The panel discussion, held July 15, was meant to promote a pair of Senate and House bills—Go to High School, Go to College Act of 2015—that would allow students to use Pell Grants to cover the cost of earned college credits in high school.
Warner pointed to the more than 250 students who are signed up for tuition-free courses at Rock Ridge this fall as an example for others to follow.
He said he learned firsthand as governor of Virginia that high schools and colleges spend more time competing for state dollars than collaborating for the betterment of students.
“The model has always been, high school for four years, college for four years. Is there not some ability to combine efforts and collaborate between colleges and high schools?” he said. “We’ve got to take on the issue of student debt, which is robbing first generation college-goers from success.”
Allowing students to use Pell Grants early to pay for those credits is one step that can be taken toward reining in students’ mounting student loans, he added.
Pell Grants provides a maximum of $5,775 for low-income college students.
The panel of educators and lawmakers who spoke during last week’s briefing said that giving would-be first generation college students a taste of undergraduate course work while they have the support system offered in high school shows them that they can be successful in college.
“We see it as an opportunity to start students on a path to college while we are there to help guide them,” Terry said. “Far too often we’re seeing students deferring their dreams because of the cost of college. We want to remove those financial barriers.”
U.S. Sen. Rob Portman (R-OH-2), co-sponsor of the Senate bill and a self-described fiscal conservative, said the legislation would mean Pell Grants would be used more wisely because students who graduate from high school with already-earned college credits are more likely to complete college.
“Frankly, that’s one of the problems with Pell Grants. A lot of young people are using those and not getting a degree,” he said. “We need to be sure this money is focused and targeted to the maximum extent possible to get kids through college, earning a degree and actually getting a job.”
Noah Moore-Sobel, a rising senior at Rock Ridge High School, and two of his classmates were touted at the hearing as evidence of the success of programs that offer tuition-free college credits to high schoolers.
Moore-Sobel said he wouldn’t have taken the Richard Bland physics course if it cost him the typical $24.26 per credit. That’s how much Northern Virginia Community College, Loudoun public schools’ largest provider of dual enrollment courses, charged last school year. NVCC’s fee will drop to $10 per credit next school year.
“I’d take an AP class instead,” Moore-Sobel said.
AP courses are tuition free, but if students want college credit, they must score well on an $80 exam at the end of the course. Even still, Moore-Sobel said some colleges and universities will not accept AP credits—his older brother experienced this firsthand—while most institutions in the region will accept dual enrollment credits earned through Virginia colleges.
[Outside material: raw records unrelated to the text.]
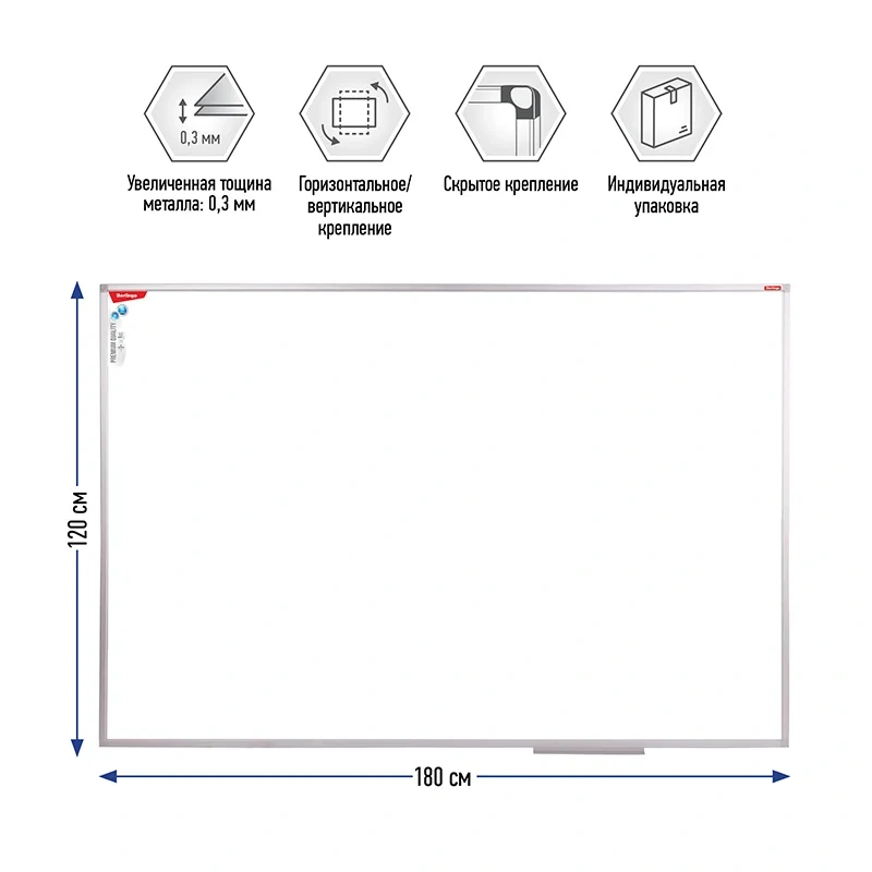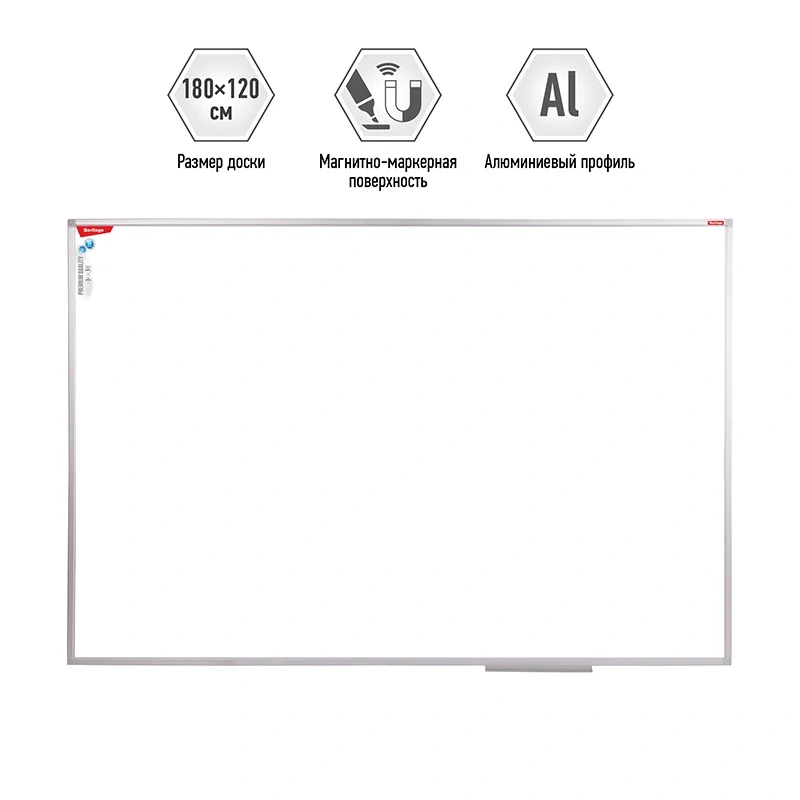 Доска магнитно-маркерная Berlingo Premium качества, 120*180 мм. Увеличеннная толщина магнитно-маркерной поверхности, ДВП основа. Полочка для аксессуаров и комплект креплений - в комплекте. Индивидульно упакована в пленку, в коробке - 1 штука. Гарантия на магнитно-маркерную поверхность - 10 лет.
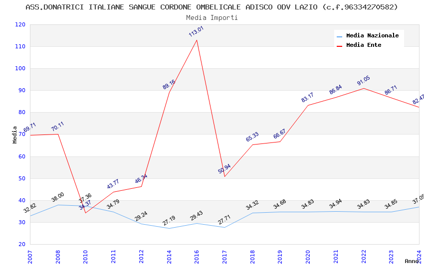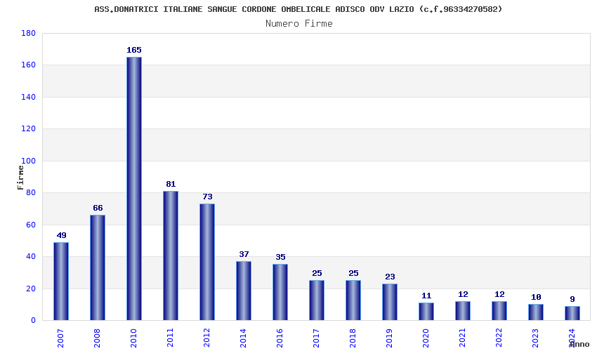 | Anno | Firme | Importi | Media | Naz. | Reg. | Prov. | Comu. |
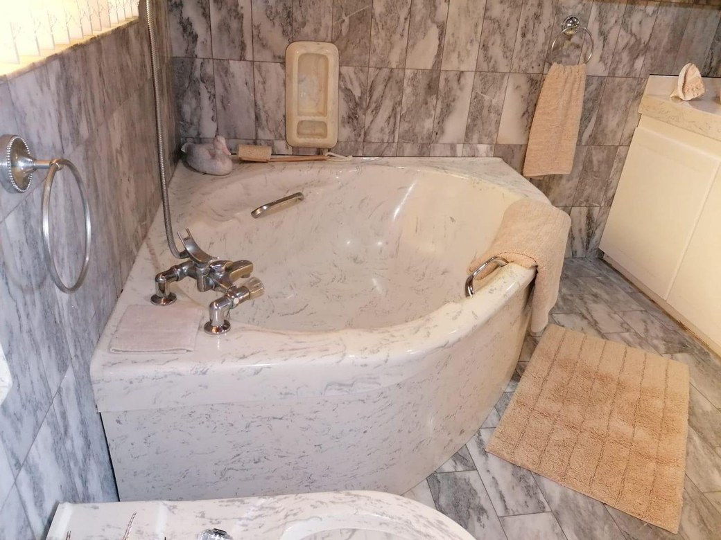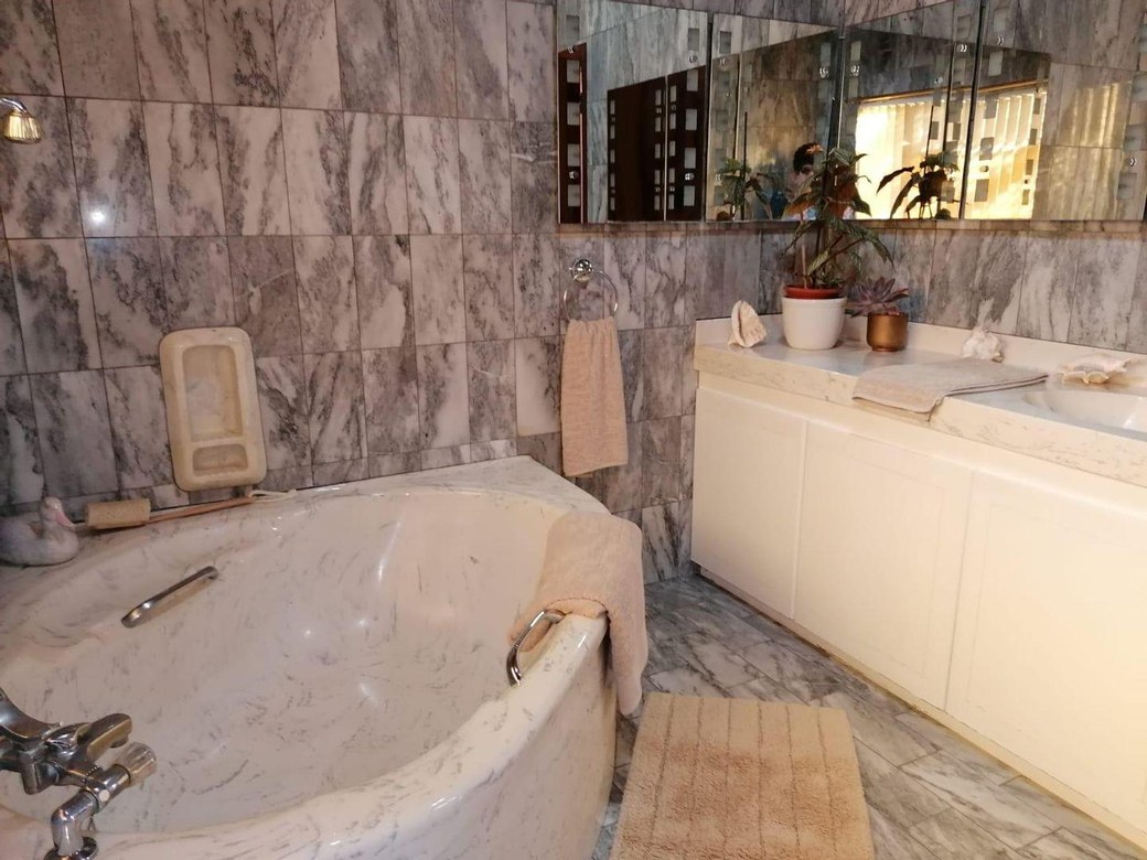 Master bedroom with an en-suite bathroom with marble finishes.
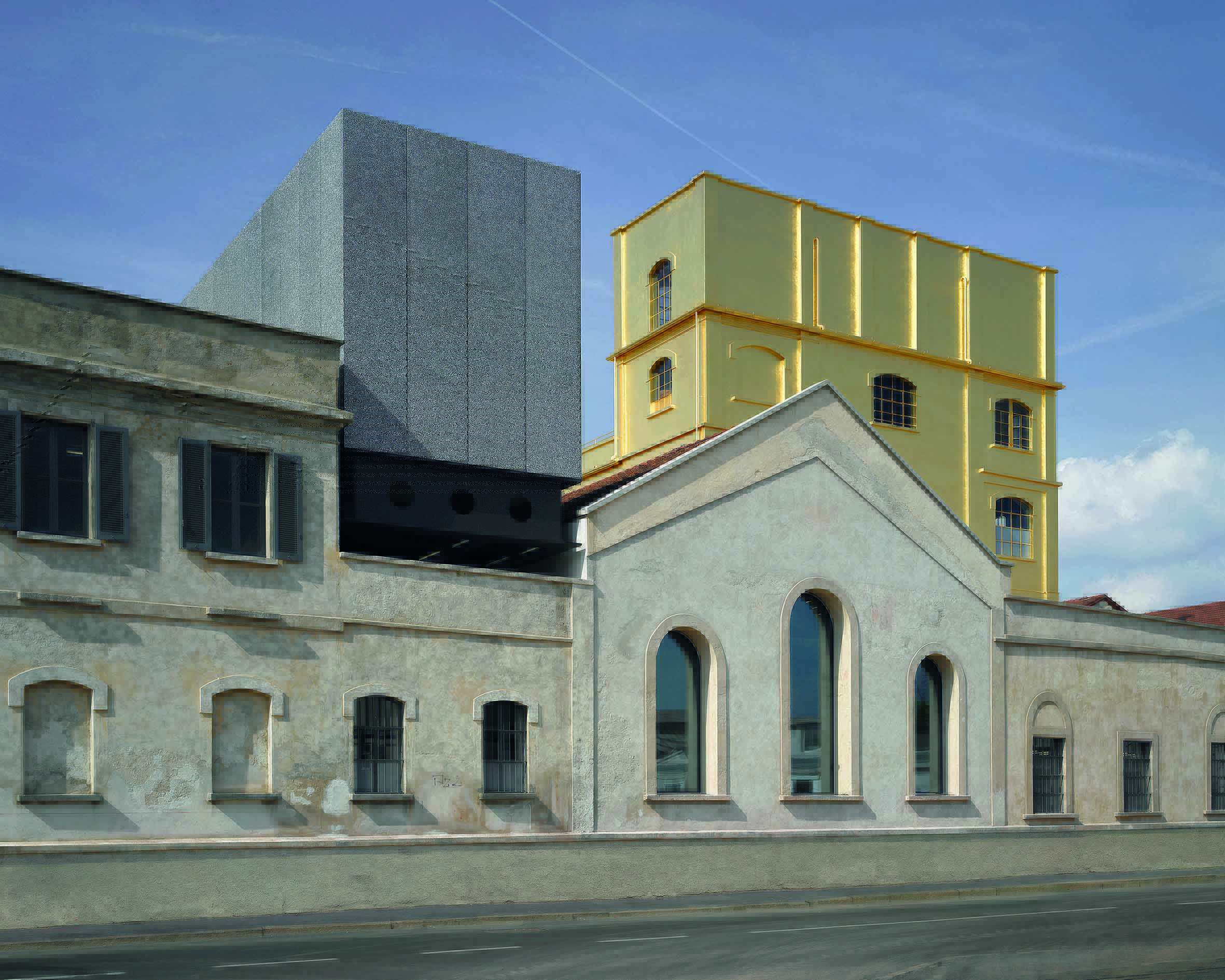 Dalla riqualificazione degli edifici dismessi della distilleria “Società Italiana Spiriti”, insediamento del primo ‘900 nella zona Sud di Milano, è sorto il complesso che la Fondazione Prada ha dedicato alla cultura. L’intervento è impreziosito dall’aggiunta di tre padiglioni, che troneggiano tra i sette edifici preesistenti: Podium, luogo per esposizioni delle arti performative; Cinema, auditorium multimediale e Torre - compasso d’oro 2018 - 10 piani di: collezione permanente, attività della Fondazione e ristorante con terrazza panoramica. Il rivestimento dell’ex Silo con oro in foglia, più economico del marmo, è un tocco di raffinatezza che lo ha reso emblema dell’istituzione. Vecchio e nuovo coesistono in una ambientazione urbana, che ha rivitalizzato e arricchito l’offerta culturale della città.
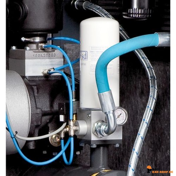 • Geringerer Aufwand für Druckluftaufbereitung: Der integrierte Nachkühler reduziert den Aufwand für Trocknung und Filtrierung der erzeugten Druckluft.
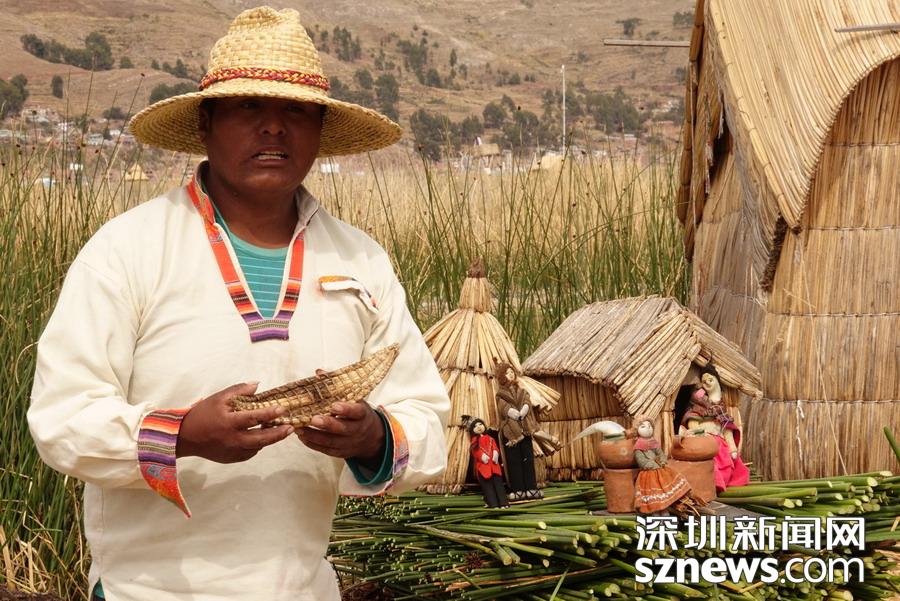 早至遠(yuǎn)古,印第安人用香蒲編成小舟或筏子,下湖捕魚(yú)。湖中還有幾十個(gè)印第安人烏羅族居住的“漂浮島”,它們是用香蒲在湖面堆集而成的人工島,島上的居民都以捕魚(yú)為生。李仁奇 攝
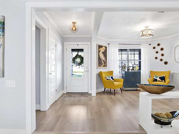 Welcome to this beautifully updated 3-bedroom, 2-bath 2 car garage home that offers everything you've been looking for—GREAT LOCATION, GREAT CURB APPEAL, GREAT HOME! Step inside and enjoy the open living concept with a spacious great room featuring a soaring cathedral ceiling and a cozy fireplace with an electric insert. The luxury vinyl plank flooring throughout complements the neutral yet modern color palette, creating a seamless flow from room to room. The great room is open to the dining area, which boasts a charming bay window, allowing natural light to fill the space. Just adjacent is the kitchen, which is a true highlight, featuring a large peninsula with sleek granite countertops, shaker-style cabinets, a pantry, and stainless steel appliances, perfect for both cooking and entertaining. The sunroom is a fantastic bonus with large windows on all sides, filling the room with light and providing an additional living space. It’s climate-controlled with a split mini system for year-round comfort. The primary suite offers a retreat with a spacious bedroom featuring a cathedral ceiling. The luxurious primary bath includes a stylish freestanding bathtub, a separate walk-in shower, granite counters, and a walk-in closet complete with built-in wardrobe for ample storage. The additional bedrooms are generously sized, each with ceiling fans and plenty of closet space, perfect for family or guests. The additional full bath features granite counters and a tub/shower combo. Step outside to the privacy-fenced backyard, where you'll find a large open patio ideal for outdoor entertaining, beautiful shade trees offering plenty of relaxation space, and a convenient storage building for all your outdoor needs. This home truly has it all! Come see it today!

Armed with both dual enrollment credits and AP credits, Moore-Sobel has set a goal of earning a college degree in three years.
“That would mean saving money and starting a job earlier,” he said.
And, his mother Kate Moore added, paying off student loans earlier.
When she was in her mid- to late-20s, most in her generation were looking at buying their first homes because they didn’t have thousands of dollars in school loans to pay off.
College tuition and fees today are 559 percent higher than in 1985, according to Bureau of Labor Statistics.
“Millennials should be buying their first home right about now but they can’t because they’re in so much debt. That’s not just a burden on them but our economy,” Moore said. “This is a great vehicle to change that.”